The records must be returned word for word.

Source records
- - - - -

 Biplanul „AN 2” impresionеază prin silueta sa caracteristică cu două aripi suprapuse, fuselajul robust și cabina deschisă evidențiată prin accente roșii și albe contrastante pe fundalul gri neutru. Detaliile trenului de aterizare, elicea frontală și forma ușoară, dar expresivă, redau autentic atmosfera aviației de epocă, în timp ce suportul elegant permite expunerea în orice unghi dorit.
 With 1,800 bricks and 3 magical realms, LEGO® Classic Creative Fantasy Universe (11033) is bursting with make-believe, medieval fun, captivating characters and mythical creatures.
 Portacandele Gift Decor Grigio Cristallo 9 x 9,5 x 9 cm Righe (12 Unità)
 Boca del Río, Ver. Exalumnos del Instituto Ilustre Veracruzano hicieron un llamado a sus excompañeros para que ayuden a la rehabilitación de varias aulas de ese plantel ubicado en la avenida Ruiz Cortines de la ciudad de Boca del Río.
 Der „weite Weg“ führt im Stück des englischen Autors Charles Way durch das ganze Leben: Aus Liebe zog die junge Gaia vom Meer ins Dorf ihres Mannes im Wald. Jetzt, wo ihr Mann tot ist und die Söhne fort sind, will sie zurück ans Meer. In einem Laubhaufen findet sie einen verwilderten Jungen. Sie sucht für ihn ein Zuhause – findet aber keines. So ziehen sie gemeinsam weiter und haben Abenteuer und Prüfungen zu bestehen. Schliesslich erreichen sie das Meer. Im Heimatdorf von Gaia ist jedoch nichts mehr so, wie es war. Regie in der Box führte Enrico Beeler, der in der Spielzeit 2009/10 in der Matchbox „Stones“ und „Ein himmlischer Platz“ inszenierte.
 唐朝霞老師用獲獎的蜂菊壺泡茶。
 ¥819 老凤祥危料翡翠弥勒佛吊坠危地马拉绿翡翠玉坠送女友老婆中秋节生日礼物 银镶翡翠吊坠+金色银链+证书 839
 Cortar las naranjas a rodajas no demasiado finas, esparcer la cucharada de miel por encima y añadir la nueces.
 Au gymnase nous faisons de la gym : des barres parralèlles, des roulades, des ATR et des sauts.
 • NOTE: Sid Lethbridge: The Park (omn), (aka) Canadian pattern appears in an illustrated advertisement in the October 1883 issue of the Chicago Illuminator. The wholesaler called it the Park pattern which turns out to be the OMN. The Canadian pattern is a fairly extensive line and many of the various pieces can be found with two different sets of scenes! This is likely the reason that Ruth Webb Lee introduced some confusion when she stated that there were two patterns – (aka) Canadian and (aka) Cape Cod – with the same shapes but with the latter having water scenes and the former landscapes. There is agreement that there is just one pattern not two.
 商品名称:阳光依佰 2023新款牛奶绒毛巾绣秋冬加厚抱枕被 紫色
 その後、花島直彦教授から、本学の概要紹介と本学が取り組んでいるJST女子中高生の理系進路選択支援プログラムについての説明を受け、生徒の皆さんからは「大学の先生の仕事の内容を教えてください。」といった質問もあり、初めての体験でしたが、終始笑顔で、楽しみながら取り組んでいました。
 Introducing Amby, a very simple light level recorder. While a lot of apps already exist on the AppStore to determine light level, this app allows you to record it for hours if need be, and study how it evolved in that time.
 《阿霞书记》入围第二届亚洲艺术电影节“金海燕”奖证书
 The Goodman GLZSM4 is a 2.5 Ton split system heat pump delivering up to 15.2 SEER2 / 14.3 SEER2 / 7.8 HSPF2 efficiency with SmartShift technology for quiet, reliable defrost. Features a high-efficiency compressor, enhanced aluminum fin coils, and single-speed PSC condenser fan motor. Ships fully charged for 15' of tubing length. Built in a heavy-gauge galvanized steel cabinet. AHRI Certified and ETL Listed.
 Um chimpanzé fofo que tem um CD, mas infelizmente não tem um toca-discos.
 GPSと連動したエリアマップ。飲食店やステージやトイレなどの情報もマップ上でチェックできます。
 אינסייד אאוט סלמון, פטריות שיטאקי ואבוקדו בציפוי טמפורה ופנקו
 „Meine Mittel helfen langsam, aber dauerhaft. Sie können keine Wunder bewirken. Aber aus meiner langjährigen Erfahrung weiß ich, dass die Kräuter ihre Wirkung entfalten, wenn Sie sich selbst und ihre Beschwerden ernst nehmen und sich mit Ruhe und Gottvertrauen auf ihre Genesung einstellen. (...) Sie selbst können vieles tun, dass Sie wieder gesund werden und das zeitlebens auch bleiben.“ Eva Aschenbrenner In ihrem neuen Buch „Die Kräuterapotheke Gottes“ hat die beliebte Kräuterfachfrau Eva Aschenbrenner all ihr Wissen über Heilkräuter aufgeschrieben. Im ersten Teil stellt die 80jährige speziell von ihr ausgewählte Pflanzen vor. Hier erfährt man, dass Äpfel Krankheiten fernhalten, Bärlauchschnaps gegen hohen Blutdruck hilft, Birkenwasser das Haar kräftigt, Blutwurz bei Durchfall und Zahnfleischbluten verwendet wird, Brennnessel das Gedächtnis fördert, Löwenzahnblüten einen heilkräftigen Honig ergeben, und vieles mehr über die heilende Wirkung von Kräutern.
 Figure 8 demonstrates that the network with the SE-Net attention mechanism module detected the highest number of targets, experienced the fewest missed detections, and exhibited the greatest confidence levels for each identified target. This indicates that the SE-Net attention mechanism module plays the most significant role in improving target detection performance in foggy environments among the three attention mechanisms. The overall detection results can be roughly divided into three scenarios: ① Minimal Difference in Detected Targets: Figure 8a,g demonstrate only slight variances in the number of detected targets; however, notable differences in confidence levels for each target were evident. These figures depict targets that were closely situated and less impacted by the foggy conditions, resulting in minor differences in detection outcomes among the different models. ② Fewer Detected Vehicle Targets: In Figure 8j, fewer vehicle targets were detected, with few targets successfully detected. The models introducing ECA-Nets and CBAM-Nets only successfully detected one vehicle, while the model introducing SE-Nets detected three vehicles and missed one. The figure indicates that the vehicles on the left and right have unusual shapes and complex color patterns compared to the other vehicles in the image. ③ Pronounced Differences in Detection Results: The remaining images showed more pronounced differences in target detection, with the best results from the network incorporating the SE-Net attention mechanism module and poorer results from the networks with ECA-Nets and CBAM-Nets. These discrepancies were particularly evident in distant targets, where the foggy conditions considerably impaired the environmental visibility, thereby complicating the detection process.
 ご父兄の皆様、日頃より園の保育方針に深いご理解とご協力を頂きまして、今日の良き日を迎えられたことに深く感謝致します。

- - - - -

Solution to this task
 Biplanul „AN 2” impresionеază prin silueta sa caracteristică cu două aripi suprapuse, fuselajul robust și cabina deschisă evidențiată prin accente roșii și albe contrastante pe fundalul gri neutru. Detaliile trenului de aterizare, elicea frontală și forma ușoară, dar expresivă, redau autentic atmosfera aviației de epocă, în timp ce suportul elegant permite expunerea în orice unghi dorit.
 With 1,800 bricks and 3 magical realms, LEGO® Classic Creative Fantasy Universe (11033) is bursting with make-believe, medieval fun, captivating characters and mythical creatures.
 Portacandele Gift Decor Grigio Cristallo 9 x 9,5 x 9 cm Righe (12 Unità)
 Boca del Río, Ver. Exalumnos del Instituto Ilustre Veracruzano hicieron un llamado a sus excompañeros para que ayuden a la rehabilitación de varias aulas de ese plantel ubicado en la avenida Ruiz Cortines de la ciudad de Boca del Río.
 Der „weite Weg“ führt im Stück des englischen Autors Charles Way durch das ganze Leben: Aus Liebe zog die junge Gaia vom Meer ins Dorf ihres Mannes im Wald. Jetzt, wo ihr Mann tot ist und die Söhne fort sind, will sie zurück ans Meer. In einem Laubhaufen findet sie einen verwilderten Jungen. Sie sucht für ihn ein Zuhause – findet aber keines. So ziehen sie gemeinsam weiter und haben Abenteuer und Prüfungen zu bestehen. Schliesslich erreichen sie das Meer. Im Heimatdorf von Gaia ist jedoch nichts mehr so, wie es war. Regie in der Box führte Enrico Beeler, der in der Spielzeit 2009/10 in der Matchbox „Stones“ und „Ein himmlischer Platz“ inszenierte.
 唐朝霞老師用獲獎的蜂菊壺泡茶。
 ¥819 老凤祥危料翡翠弥勒佛吊坠危地马拉绿翡翠玉坠送女友老婆中秋节生日礼物 银镶翡翠吊坠+金色银链+证书 839
 Cortar las naranjas a rodajas no demasiado finas, esparcer la cucharada de miel por encima y añadir la nueces.
 Au gymnase nous faisons de la gym : des barres parralèlles, des roulades, des ATR et des sauts.
 • NOTE: Sid Lethbridge: The Park (omn), (aka) Canadian pattern appears in an illustrated advertisement in the October 1883 issue of the Chicago Illuminator. The wholesaler called it the Park pattern which turns out to be the OMN. The Canadian pattern is a fairly extensive line and many of the various pieces can be found with two different sets of scenes! This is likely the reason that Ruth Webb Lee introduced some confusion when she stated that there were two patterns – (aka) Canadian and (aka) Cape Cod – with the same shapes but with the latter having water scenes and the former landscapes. There is agreement that there is just one pattern not two.
 商品名称:阳光依佰 2023新款牛奶绒毛巾绣秋冬加厚抱枕被 紫色
 その後、花島直彦教授から、本学の概要紹介と本学が取り組んでいるJST女子中高生の理系進路選択支援プログラムについての説明を受け、生徒の皆さんからは「大学の先生の仕事の内容を教えてください。」といった質問もあり、初めての体験でしたが、終始笑顔で、楽しみながら取り組んでいました。
 Introducing Amby, a very simple light level recorder. While a lot of apps already exist on the AppStore to determine light level, this app allows you to record it for hours if need be, and study how it evolved in that time.
 《阿霞书记》入围第二届亚洲艺术电影节“金海燕”奖证书
 The Goodman GLZSM4 is a 2.5 Ton split system heat pump delivering up to 15.2 SEER2 / 14.3 SEER2 / 7.8 HSPF2 efficiency with SmartShift technology for quiet, reliable defrost. Features a high-efficiency compressor, enhanced aluminum fin coils, and single-speed PSC condenser fan motor. Ships fully charged for 15' of tubing length. Built in a heavy-gauge galvanized steel cabinet. AHRI Certified and ETL Listed.
 Um chimpanzé fofo que tem um CD, mas infelizmente não tem um toca-discos.
 GPSと連動したエリアマップ。飲食店やステージやトイレなどの情報もマップ上でチェックできます。
 אינסייד אאוט סלמון, פטריות שיטאקי ואבוקדו בציפוי טמפורה ופנקו
 „Meine Mittel helfen langsam, aber dauerhaft. Sie können keine Wunder bewirken. Aber aus meiner langjährigen Erfahrung weiß ich, dass die Kräuter ihre Wirkung entfalten, wenn Sie sich selbst und ihre Beschwerden ernst nehmen und sich mit Ruhe und Gottvertrauen auf ihre Genesung einstellen. (...) Sie selbst können vieles tun, dass Sie wieder gesund werden und das zeitlebens auch bleiben.“ Eva Aschenbrenner In ihrem neuen Buch „Die Kräuterapotheke Gottes“ hat die beliebte Kräuterfachfrau Eva Aschenbrenner all ihr Wissen über Heilkräuter aufgeschrieben. Im ersten Teil stellt die 80jährige speziell von ihr ausgewählte Pflanzen vor. Hier erfährt man, dass Äpfel Krankheiten fernhalten, Bärlauchschnaps gegen hohen Blutdruck hilft, Birkenwasser das Haar kräftigt, Blutwurz bei Durchfall und Zahnfleischbluten verwendet wird, Brennnessel das Gedächtnis fördert, Löwenzahnblüten einen heilkräftigen Honig ergeben, und vieles mehr über die heilende Wirkung von Kräutern.
 Figure 8 demonstrates that the network with the SE-Net attention mechanism module detected the highest number of targets, experienced the fewest missed detections, and exhibited the greatest confidence levels for each identified target. This indicates that the SE-Net attention mechanism module plays the most significant role in improving target detection performance in foggy environments among the three attention mechanisms. The overall detection results can be roughly divided into three scenarios: ① Minimal Difference in Detected Targets: Figure 8a,g demonstrate only slight variances in the number of detected targets; however, notable differences in confidence levels for each target were evident. These figures depict targets that were closely situated and less impacted by the foggy conditions, resulting in minor differences in detection outcomes among the different models. ② Fewer Detected Vehicle Targets: In Figure 8j, fewer vehicle targets were detected, with few targets successfully detected. The models introducing ECA-Nets and CBAM-Nets only successfully detected one vehicle, while the model introducing SE-Nets detected three vehicles and missed one. The figure indicates that the vehicles on the left and right have unusual shapes and complex color patterns compared to the other vehicles in the image. ③ Pronounced Differences in Detection Results: The remaining images showed more pronounced differences in target detection, with the best results from the network incorporating the SE-Net attention mechanism module and poorer results from the networks with ECA-Nets and CBAM-Nets. These discrepancies were particularly evident in distant targets, where the foggy conditions considerably impaired the environmental visibility, thereby complicating the detection process.
 ご父兄の皆様、日頃より園の保育方針に深いご理解とご協力を頂きまして、今日の良き日を迎えられたことに深く感謝致します。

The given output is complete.